» **Goal of the exercise**:
Your task is to transcribe each record exactly and to omit every image.

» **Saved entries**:
***
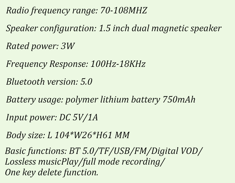 Основные функции: BT 5,0/TF/USB/FM/цифровой VOD/музыка без потерь
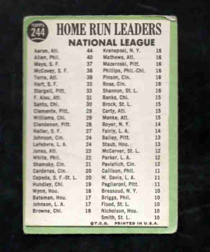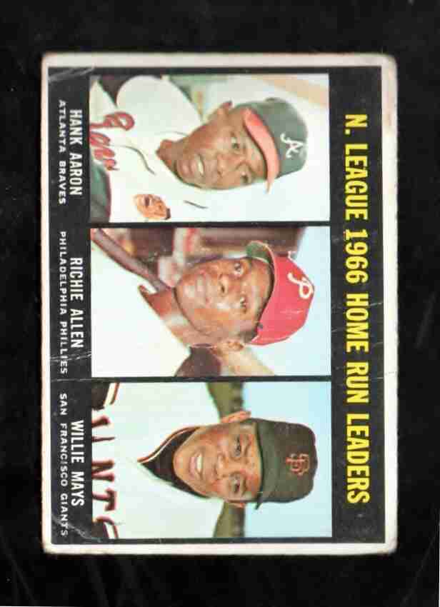 1967 Topps # 244 NL 1966 HR LEADERS Aaron,Allen,Mays
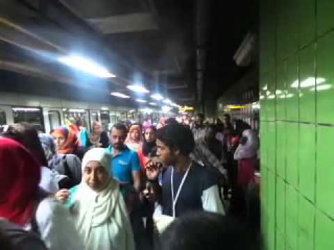 لم يستطيع ركاب القطار الاول من الخروج من محطة مترو الشهداء بسبب التزاحم الشديد حتي جاء القطار الثاني ولم يستطيع الكثيرون ركوب القطار.
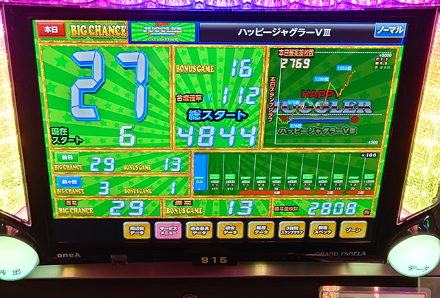 楽しげな姿だけでなく、ボーナス回数が35回以上の台も確認している。
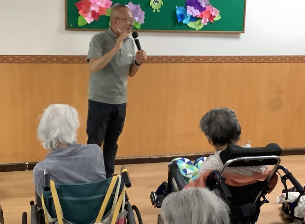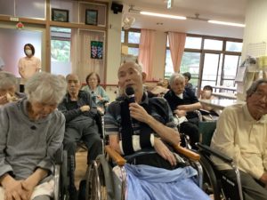 宮﨑氏の面白い話や替え歌メドレー等に利用者様方も終始笑顔がいっぱい
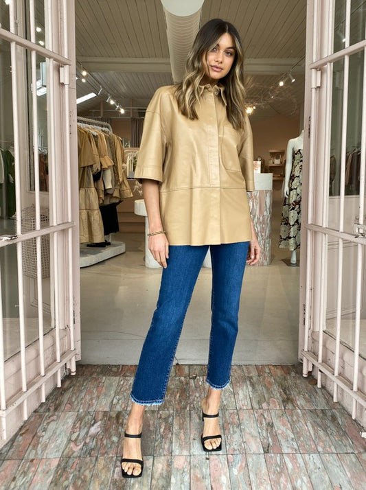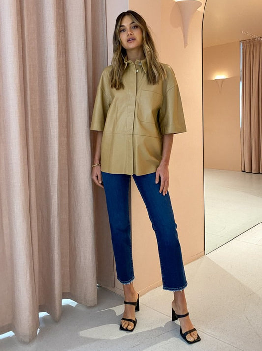 Style with the Camilla and Marc Montaro Leather Shirt in Tan, the Alias Mae Cassie Heel in Black and the Porter Heirloom Wave Bracelet in Gold
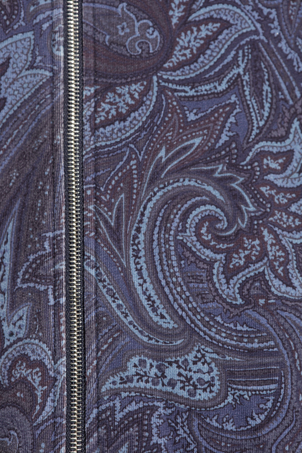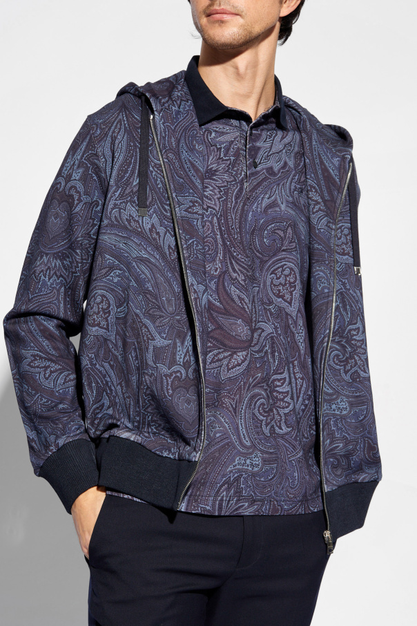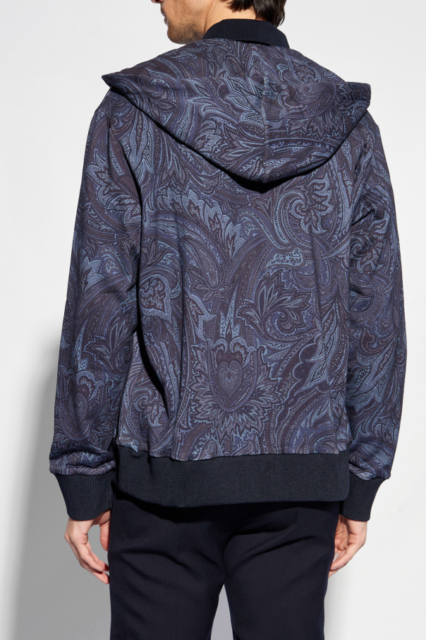 Navy hoodie from Etro. Made of cotton, this garment features a zip fastening, multicolored paisley print, drawstring hood and ribbed trims at the hem and cuffs.
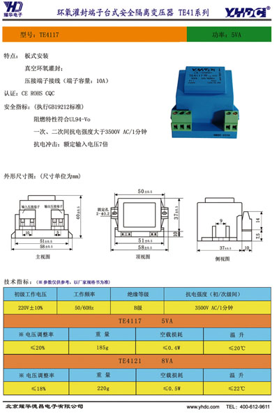 型號:TE4117 TE4121 功率:5VA/8VA
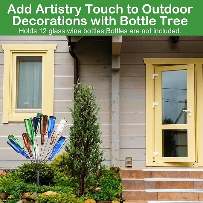 • Package Contents: Enhance the charm of your garden with this sophisticated outdoor metal wine bottle holder, perfectly crafted to accent any landscape. Each bottle holder features 12 elegantly designed branches to display your empty wine bottles (bottles not included), adding a touch of sophistication and vintage flair to your outdoor oasis
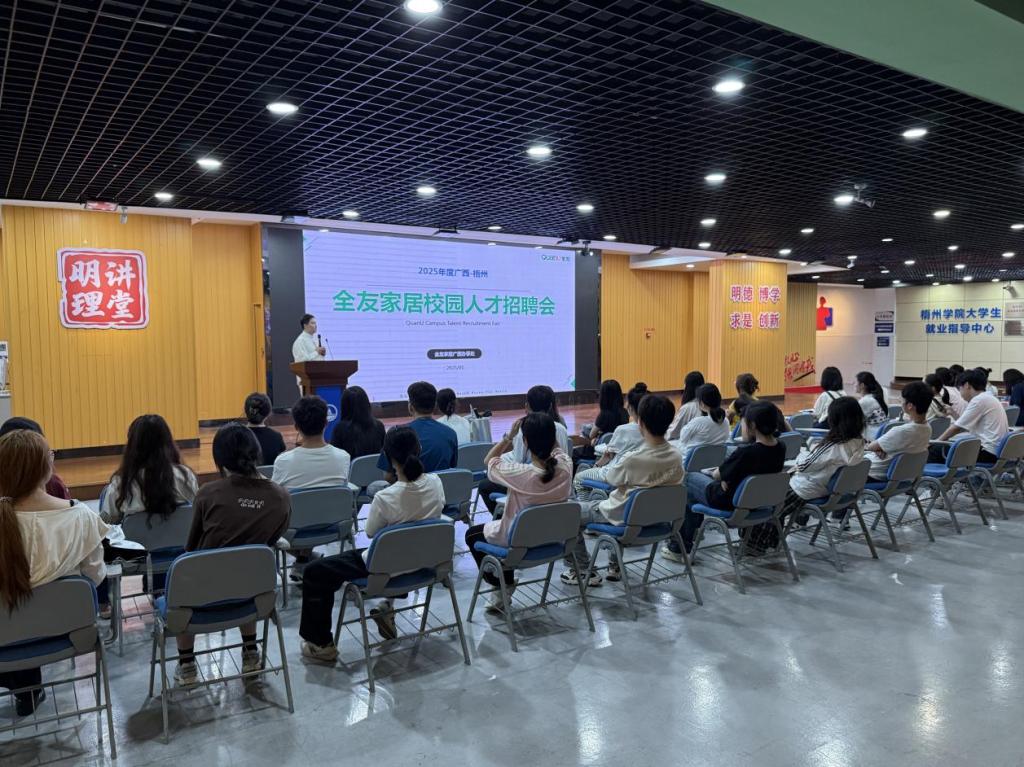 5 月 30 日上午,受宝石与艺术设计学院邀请,全友家居来到校进行宣讲。此次宣讲会在体育馆邑谷中心火热开讲,吸引众多 2025 届毕业生到场聆听。
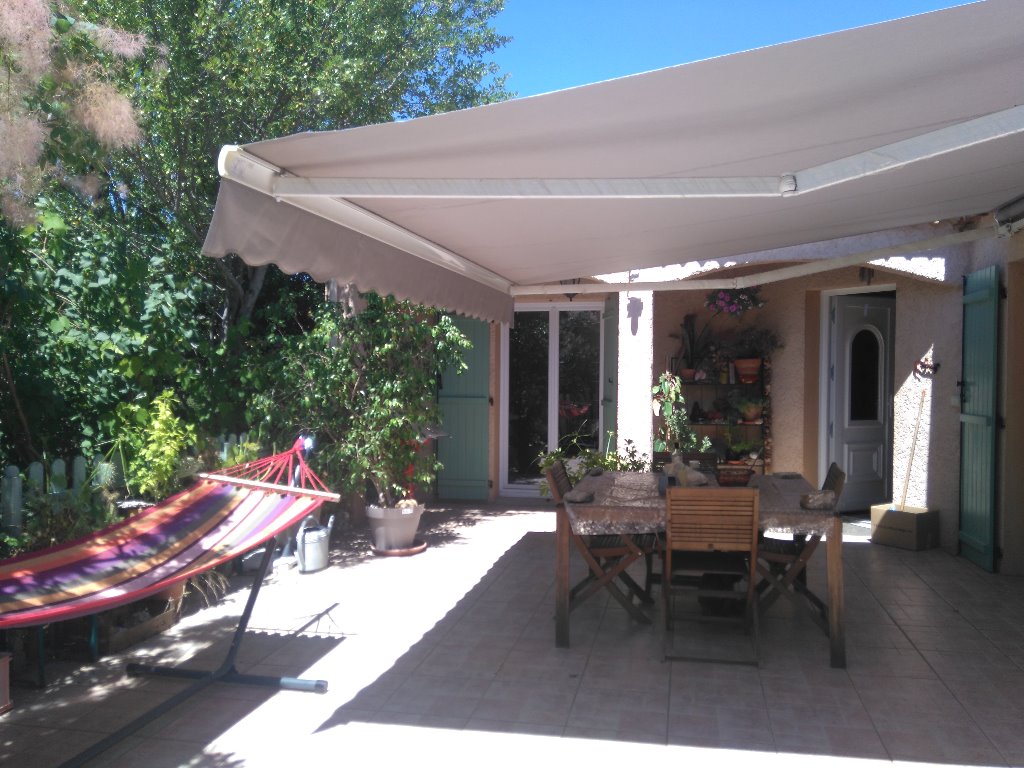 A l'extérieur, vous trouverez une grande terrasse d'environ 50 m2 avec un petit porche et un store motorisé, vous permettant de vous abriter du chaud soleil d'Ardèche en été ! Vous pourrez profiter de longues veillées sur celle- ci puisqu'elle est équipée d'une table en bois exotique avec ses 4 chaises assorties, 2 transats avec leur matelas, un barbecue à charbon, des éclairages automatiques la nuit et important si vous avez des enfants en bas- âge, une barrière en bois avec 2 portillons sécurisés. Il y a aussi un garage attenant où vous pourrez garer une voiture.
***
» **Task output**:
 Основные функции: BT 5,0/TF/USB/FM/цифровой VOD/музыка без потерь
 1967 Topps # 244 NL 1966 HR LEADERS Aaron,Allen,Mays
 لم يستطيع ركاب القطار الاول من الخروج من محطة مترو الشهداء بسبب التزاحم الشديد حتي جاء القطار الثاني ولم يستطيع الكثيرون ركوب القطار.
 楽しげな姿だけでなく、ボーナス回数が35回以上の台も確認している。
 宮﨑氏の面白い話や替え歌メドレー等に利用者様方も終始笑顔がいっぱい
 Style with the Camilla and Marc Montaro Leather Shirt in Tan, the Alias Mae Cassie Heel in Black and the Porter Heirloom Wave Bracelet in Gold
 Navy hoodie from Etro. Made of cotton, this garment features a zip fastening, multicolored paisley print, drawstring hood and ribbed trims at the hem and cuffs.
 型號:TE4117 TE4121 功率:5VA/8VA
 • Package Contents: Enhance the charm of your garden with this sophisticated outdoor metal wine bottle holder, perfectly crafted to accent any landscape. Each bottle holder features 12 elegantly designed branches to display your empty wine bottles (bottles not included), adding a touch of sophistication and vintage flair to your outdoor oasis
 5 月 30 日上午,受宝石与艺术设计学院邀请,全友家居来到校进行宣讲。此次宣讲会在体育馆邑谷中心火热开讲,吸引众多 2025 届毕业生到场聆听。
 A l'extérieur, vous trouverez une grande terrasse d'environ 50 m2 avec un petit porche et un store motorisé, vous permettant de vous abriter du chaud soleil d'Ardèche en été ! Vous pourrez profiter de longues veillées sur celle- ci puisqu'elle est équipée d'une table en bois exotique avec ses 4 chaises assorties, 2 transats avec leur matelas, un barbecue à charbon, des éclairages automatiques la nuit et important si vous avez des enfants en bas- âge, une barrière en bois avec 2 portillons sécurisés. Il y a aussi un garage attenant où vous pourrez garer une voiture.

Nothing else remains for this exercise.